The entire first half of the video explains it very well, IMHO.
Yes, and actually I’m withdrawing my “inertia” comment. Evidently that’s a misconception, even among oceanographers.
It’s wild too to think about how the sunset, seemingly ephemeral, is a permanent phenomenon from certain “fixed” vantages.
This wasn’t new new to me, but I did learn about it not that long ago and it is freaky.
That’s your excuse for everything.
This site can help:
https://noc.ac.uk/files/documents/business/Double-Bulge-Explanation.pdf
The two bulges seem pretty straightforward to me. On the near side, the moon pulls the water more than it does the earth, bringing it up. On the far side, the moon pulls the water less than it does the earth, leaving it behind.
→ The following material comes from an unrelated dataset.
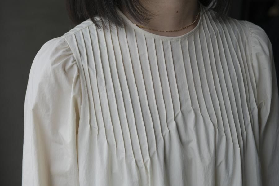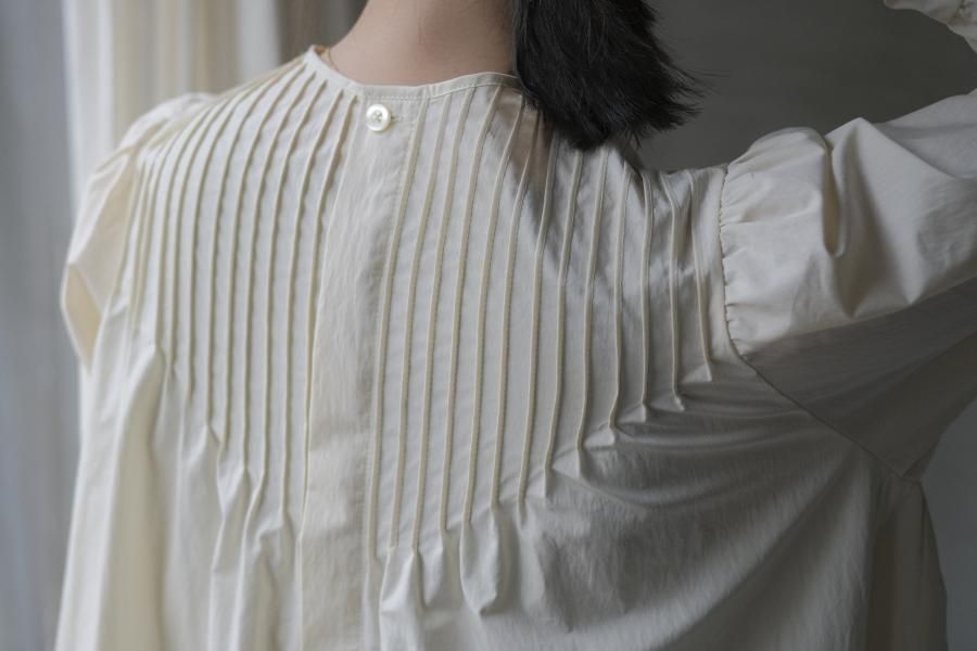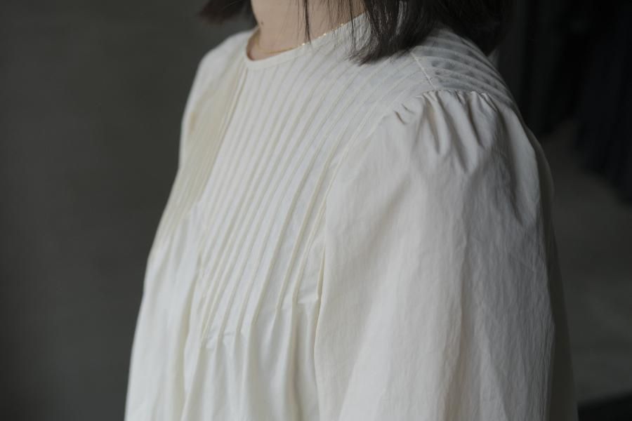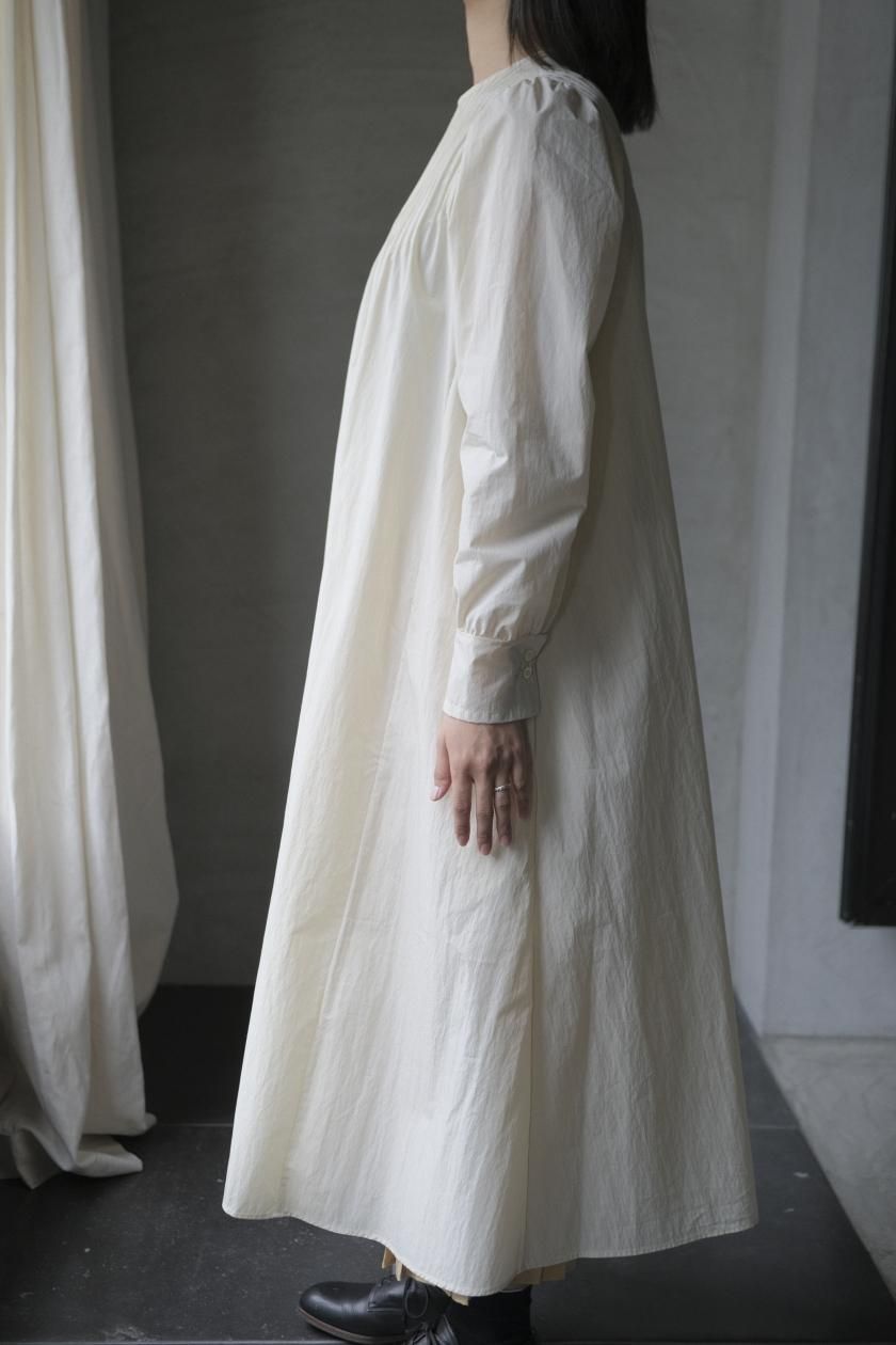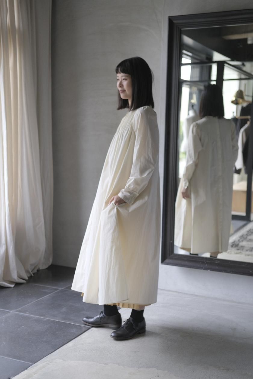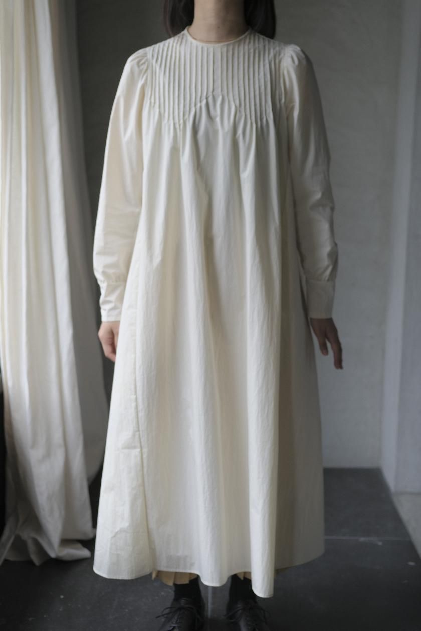 古い時代の彫刻家からインスパイアされた、前後の胸元に繊細なピンタックが並んだロング丈のワンピースです。後ろ開きでワンピースとして、前開きで羽織物としてもお召しいただけます。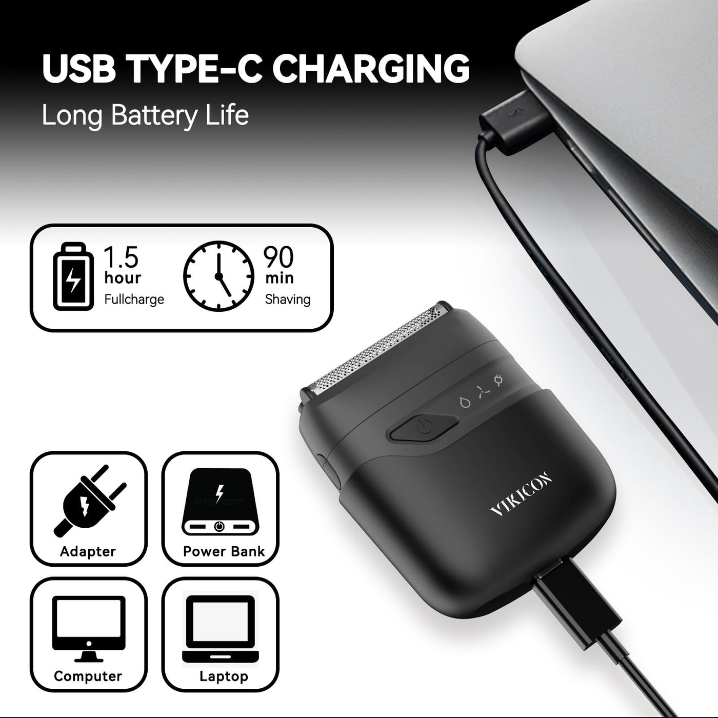 Complete Shaving Performance: Vikicon On-The-Go Shaver For Men Adopts Floating Double Blade Design, Suitable For Face, Chin, Neck Beard, Head, Facial Hair, Will Not Cut The Skin, And Will Not Irritate The Skin. Foil Blade & Comb Blade Hypoallergenic Dual Nickel Foils. It'S Innovative Float System Allows The Cutting Bars To Move Independently, Adapting To Facial Contours For A Precise Shave | Mini Electric Shavers For Travel: Thanks To Its Compact Design, Its Size Is 2.95*2.36*1.28 In, You Can Even Be Put It Into A Trouser Pocket, Making The Small Men'S Electric Shaver Very Suitable For Business Men To Carry On Business Trips Or As A Beard Cleaning Companion On The Go. This Mini Electric Razor Can Provide You With A Wonderful Shaving Experience At All Times. | High-Speed Motor And Long-Lasting Lithium Battery: This Cordless Electric Shavers For Men Boasts A Robust 9500 Rpm Motor, And A High-Quality 700Mah Lithium Battery, Usb Type-C Charging, Fully Charged, Can Work Continuously For 90 Minutes. Enjoy Powerful, Smooth, And Long-Lasting Performance With Every Shave | Easy To Clean: Our Showproof Face Shaver For Men Is Fully Ipx7 Waterproof. Enjoy A Comfortable Dry Shave Or A Refreshing Wet Shave With Shaving Foam. The Detachable Cutter Head Design Allows You To Remove The Cutter Head Directly After Shaving And Clean It With Running Water, A Cleaner Shaving Experience. | How To Use: You Can Start Shaving With One Button. If You Have A Short Beard, You Can Choose The Honeycomb Blade-Like Foil Blade For Daily Shaving; If Your Beard Is Slightly Longer, You Need To Use The Comb-Like Comb Blade To Trim The Beard Length First, And Then Switch To The Foil Blade To Thoroughly Clean The Beard | Unique Gifts For Men: Surprise Your Husband Or Any Special Man In Your Life With A High-Quality Facial Hair Shaver Gift On His Birthday, Father'S Day, Christmas, Or Valentine'S Day

(Edit: note being left behind in an orbit is basically the same thing as the centrifugal force in MikeR’s paper – pull on something less and it ends up further out.)
Unfortunately this explanation requires me to believe the Earth is round.
And the moon exists.
And water is wet.
(OK, that last one is still verifiable, I just checked.)
Do you know how I know that cryptocurrency and NFTs are a scam? Because I can watch a video like this and understand it very well. It makes total sense to me, confirming once again that I am not a moron. I can read about or watch videos on quantum mechanics and understand them. Or relativity. Or speculative papers on how faster than light travel might work. Or wormholes. Or whatever. But I have watched I don’t know how many videos on crypto and NFTs over the past decade or so, some aimed at the 5th grader level and some aimed at grad school level, and I still don’t understand the first damn thing about them or how they work except that they sound like a Ponzi scheme to me.
Anyway, cool video. I think I had learned this before, but forgot it somewhere along the way.
The thing that freaked me out about tides is learning that it doesn’t just affect the oceans. The “solid” ground rises and falls up to 30cm in some places as the planet rotates through the tidal bulges. I was seeing that while working on projects that involved extremely accurate aerial imagery and surveying.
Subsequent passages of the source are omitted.